2 m or 6 ' is based on science fact

the surface area of any sphere is 4pi r squ - I metre - 12 sq m
radius 2 m - - 48 sq m

so by doubling the radius you quarter 48/12 the stuff raching the perimeter - so at 2m each sq m receives 2% of naughty stuff

and a 98% miss rate ( 100-2) is deemed by those who rule us to be acceptiable

but you really always knew that didnt you?
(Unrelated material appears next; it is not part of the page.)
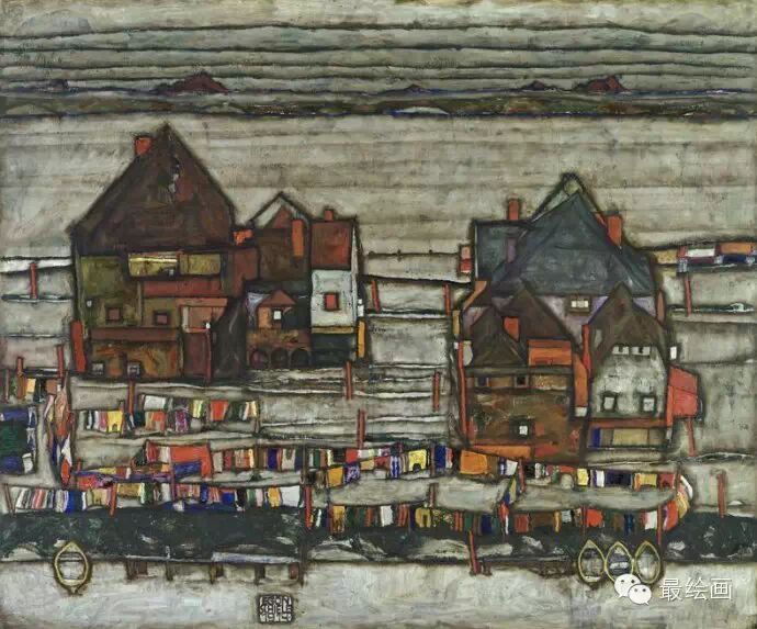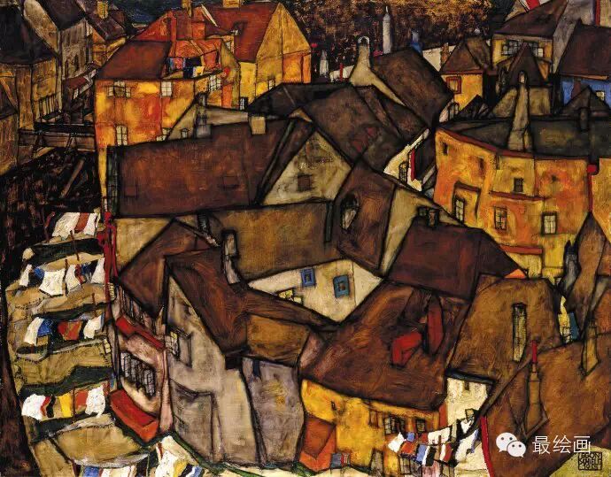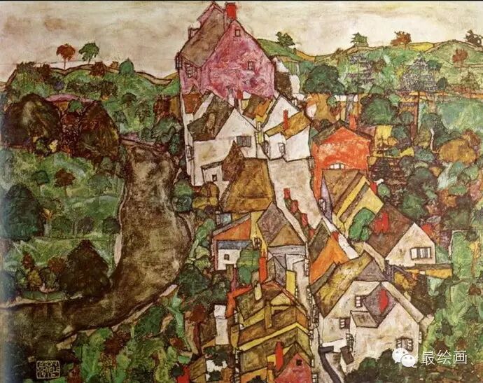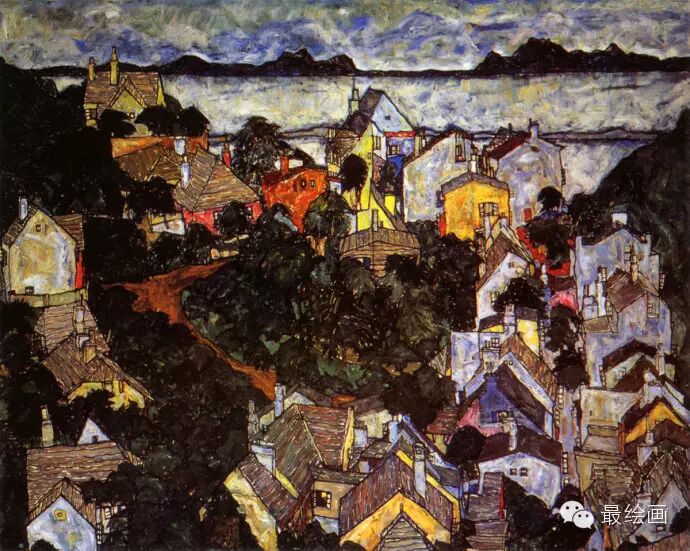 1890年6月12日,埃贡·席勒出生在下奥地利省的图尔恩小镇,这里位于维也纳以西约20英里。他从中学时代起就酷爱美术,利用业余时间勤奋作画,在他早期作品中可以看到克洛斯特新堡的教堂和修道院。学院派和印象派的画法为他打下了坚实的造型基础。在受到克里姆特和科柯施卡的影响后,作品突具装饰风格。如果说克里姆特的艺术是从象征主义走向表现主义,而席勒则已走进了纯粹的表现主义天地。其绘画特别强调人手和脸部神经与血管在刹那之间的表情,并细致入微地刻画出来,可以清晰地看到人物情绪的变化。1918年秋天,他因流感而身故,年仅二十八岁。近百年来,这位英年早逝的天才艺术家越来越受到人们的推崇,他创作的300多幅绘画已经销售一空了。由于审美观点不同,我更偏爱他的风景画作品。
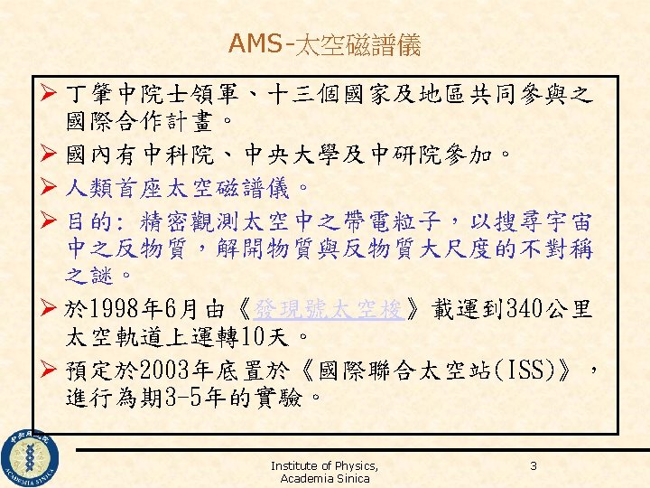 AMS on International Space Station Institute of Physics, Academia Sinica 5

2 m works out ( above ) as the safe distance for - electric charge, magnetic field, X ray - (*)
radsio waves in aircraft - wifi and so on and so on

(*) in fact anything obeying an inverse square law (whose flux obeys an inverse square law) - but you really knew that as well huh
Funnily enough I do know how to work out the SA of a sphere and I think your argument would have had 8 times the impact had you used volume instead. That doesn't make it a scientific reason to pick 2m though, in reality a covid sneeze (and more than 2% of it) would probably travel way more than that - but I don't see people sneezing left right and centre everywhere I go. Other parts of Europe picked 1.5 didn't they? We might reduce to 1m mightn't we - and why, are people sneezing with less force now?
Is the trajectory formed by particles from a sneeze not more of a cone rather than a (hemi-)sphere?
More of a speech bubble shape, depending on wind conditions.